Township in Ohio, US

Goshen Township is one of the sixteen townships of Belmont County, Ohio, United States. The 2020 census reported a population of 3,027 people in the township.

==Geography==
Located in the central part of the county, it borders the following townships:
- Union Township - north
- Richland Township - northeast
- Smith Township - east
- Wayne Township - south
- Somerset Township - southwest corner
- Warren Township - west
- Kirkwood Township - northwest

Two villages are located in Goshen Township: Belmont in the north, and Bethesda in the center.

==Name and history==
Goshen Township was settled about 1801 by settlers from Virginia, Pennsylvania and Ireland. These settlers probably named their new township after a Goshen Township in Chester County, Pennsylvania.

Goshen Township was described in 1833 as having several gristmills and saw mills, three or four fulling mills and carding machines.

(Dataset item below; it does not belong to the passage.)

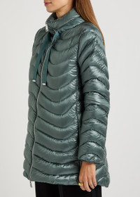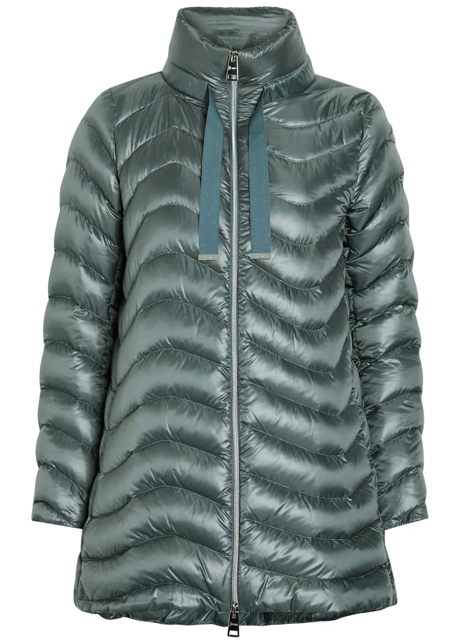 Info & Care Herno glossed shell jacket Quilted, drawstring-fastening high-neck, zip-fastening side slip pockets, designer plaque at back neck, fully lined Two-way zip-fastening through front 100% polyamide; filling: 90% down, 10% feather Dry clean Size & Fit Length shoulder to hem:;29 inches/ 73.5cm Midweight; Regular fit Model is 5'9"/ 175cm and wears a size IT40
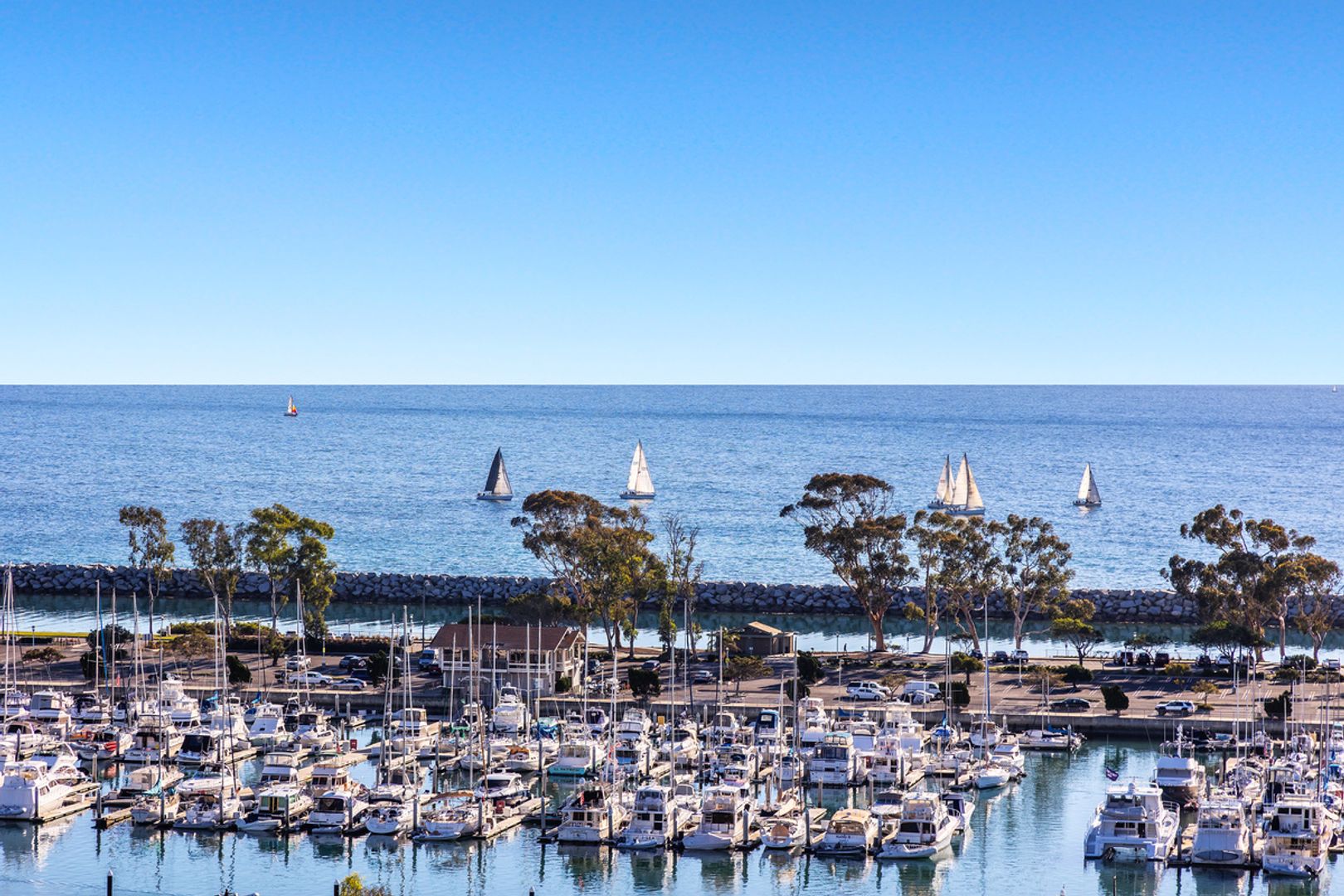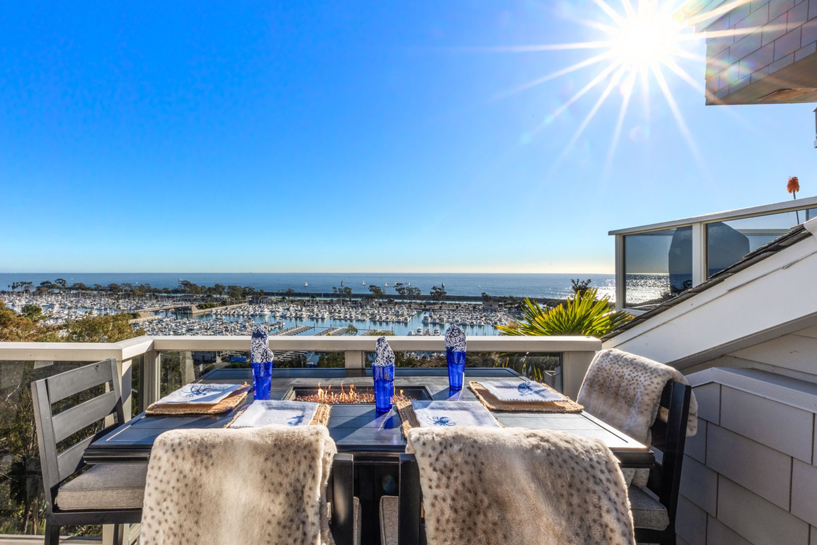 Available until December 10th and then again March 18th! Set high above Dana Point Harbor, this rare residence offers an unparalleled lifestyle in the exclusive Admiralty community. With breathtaking panoramic views of the ocean, harbor, and whitewater waves, this beautifully upgraded 2-bedroom, 3-bathroom home spans 2,765 square feet, with an optional third sleeping area or den. Upon entry through double doors, the main floor opens to a wall of windows and doors showcasing sweeping ocean vistas, framed by a striking stacked stone fireplace that reaches up to vaulted, beamed ceilings. The open layout connects the living area to a chef’s kitchen, equipped with top-tier appliances like a Thermador double oven and cooktop, plus Subzero fridge and freezer—ideal for culinary pursuits. An oceanfront terrace extends from the kitchen and living area, complete with a firepit for outdoor dining and taking in the cool coastal breeze. The main level also hosts a secondary suite with a walk-in closet and a luxurious bathroom featuring a dual-sink vanity and walk-in shower. Descending to the lower level, you'll find the primary suite, a private sanctuary with its own terrace and sweeping harbor views. This spacious retreat includes a dual-sided fireplace, perfect for enjoying from both the bed and the jacuzzi tub. The ensuite bathroom boasts dual vanities, an oversized shower with a dressing area, a jacuzzi tub, and a generous walk-in closet with a secure safe. A private sauna adds an extra layer of indulgence. The lower level also includes a flexible den area, ideal as a third bedroom for guests or additional lounging space. This property is only moments away from downtown Dana Point’s shops, dining, harbor, scenic coastal trails, and world-renowned beaches. Available for both short and long-term rental, this home epitomizes Southern California’s luxurious coastal lifestyle. Rates vary based on season. Summer season (June, July, August): $16,500-$18,500/month.

It is one of seven Goshen Townships statewide.

==Government==
The township is governed by a three-member board of trustees, who are elected in November of odd-numbered years to a four-year term beginning on the following January 1. Two are elected in the year after the presidential election and one is elected in the year before it. There is also an elected township fiscal officer, who serves a four-year term beginning on April 1 of the year after the election, which is held in November of the year before the presidential election. Vacancies in the fiscal officership or on the board of trustees are filled by the remaining trustees.